## Task statement
With pictures excluded, copy word for word the lines in the data below from the line containing "Осенью и зимой" through the line containing "Električni konvektorski grelnik".

## Raw data

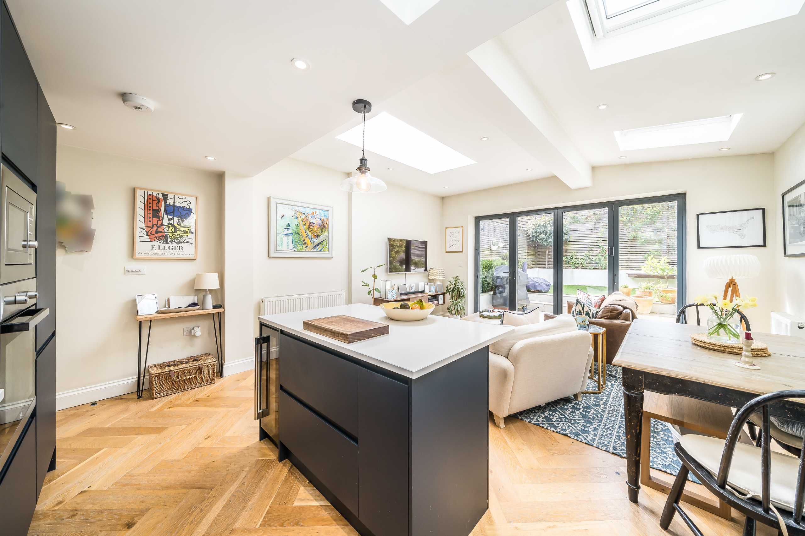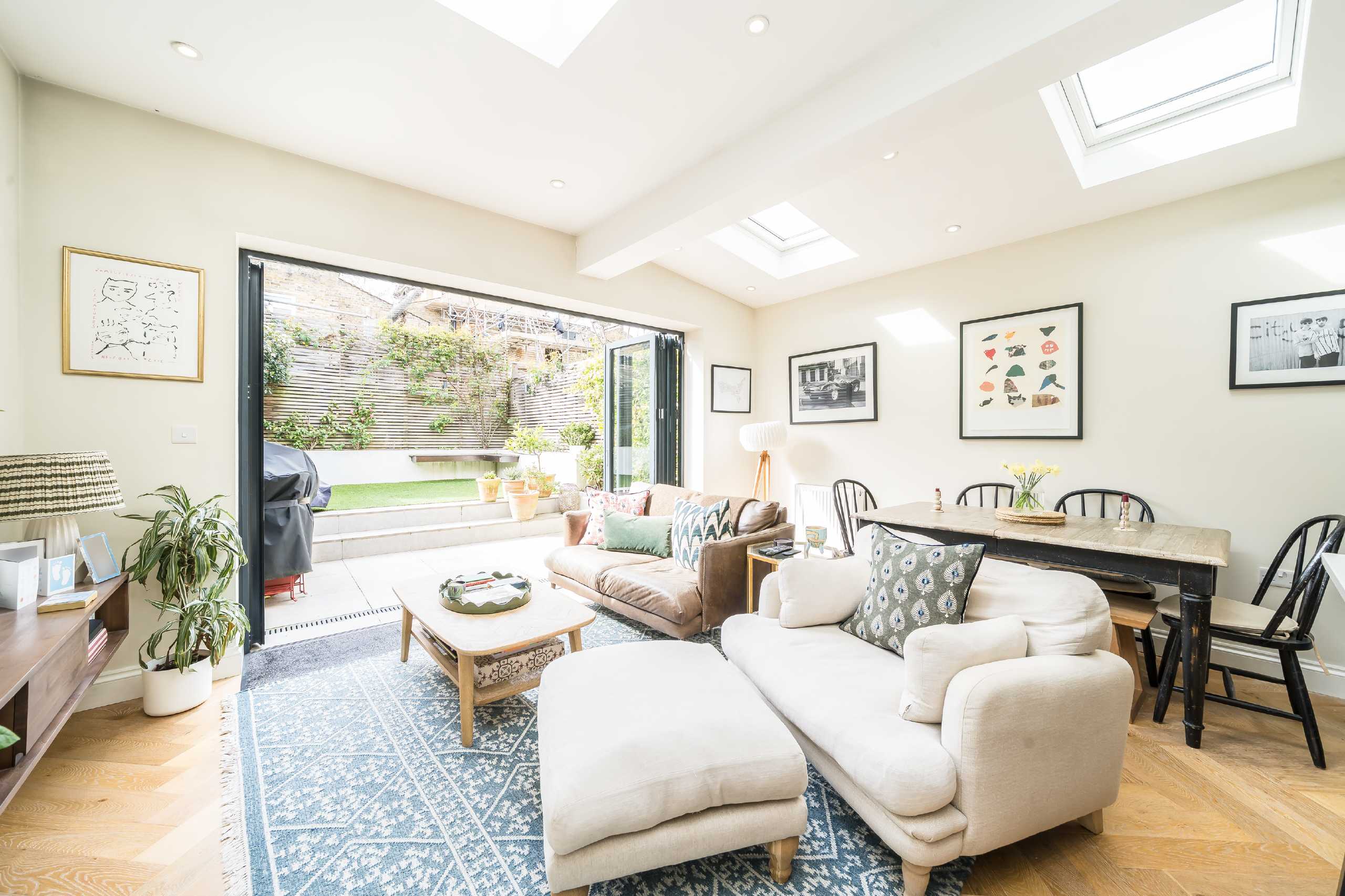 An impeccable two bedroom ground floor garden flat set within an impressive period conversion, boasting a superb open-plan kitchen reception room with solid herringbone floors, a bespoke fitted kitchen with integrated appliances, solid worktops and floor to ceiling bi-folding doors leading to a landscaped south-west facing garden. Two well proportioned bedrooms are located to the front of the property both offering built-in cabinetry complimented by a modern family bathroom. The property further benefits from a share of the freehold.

==

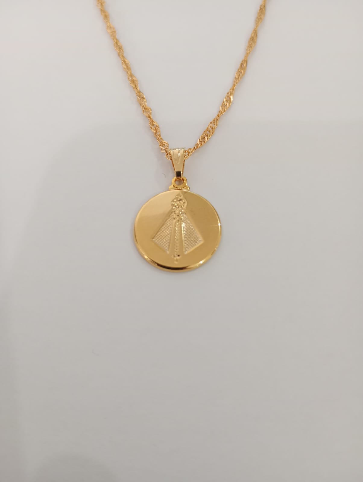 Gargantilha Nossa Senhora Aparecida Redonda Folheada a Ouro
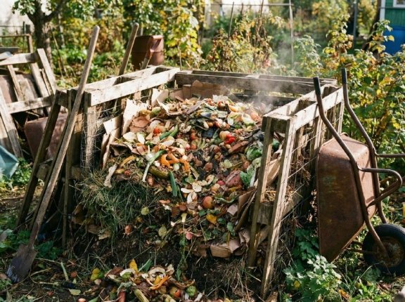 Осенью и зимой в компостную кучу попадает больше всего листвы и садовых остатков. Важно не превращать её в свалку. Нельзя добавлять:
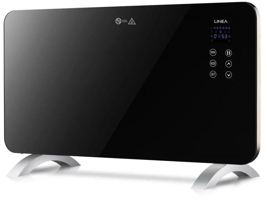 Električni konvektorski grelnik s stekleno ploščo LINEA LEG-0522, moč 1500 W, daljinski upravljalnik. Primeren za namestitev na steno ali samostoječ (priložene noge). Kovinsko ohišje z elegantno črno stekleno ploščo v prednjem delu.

## Output of the exercise
 Осенью и зимой в компостную кучу попадает больше всего листвы и садовых остатков. Важно не превращать её в свалку. Нельзя добавлять:
 Električni konvektorski grelnik s stekleno ploščo LINEA LEG-0522, moč 1500 W, daljinski upravljalnik. Primeren za namestitev na steno ali samostoječ (priložene noge). Kovinsko ohišje z elegantno črno stekleno ploščo v prednjem delu.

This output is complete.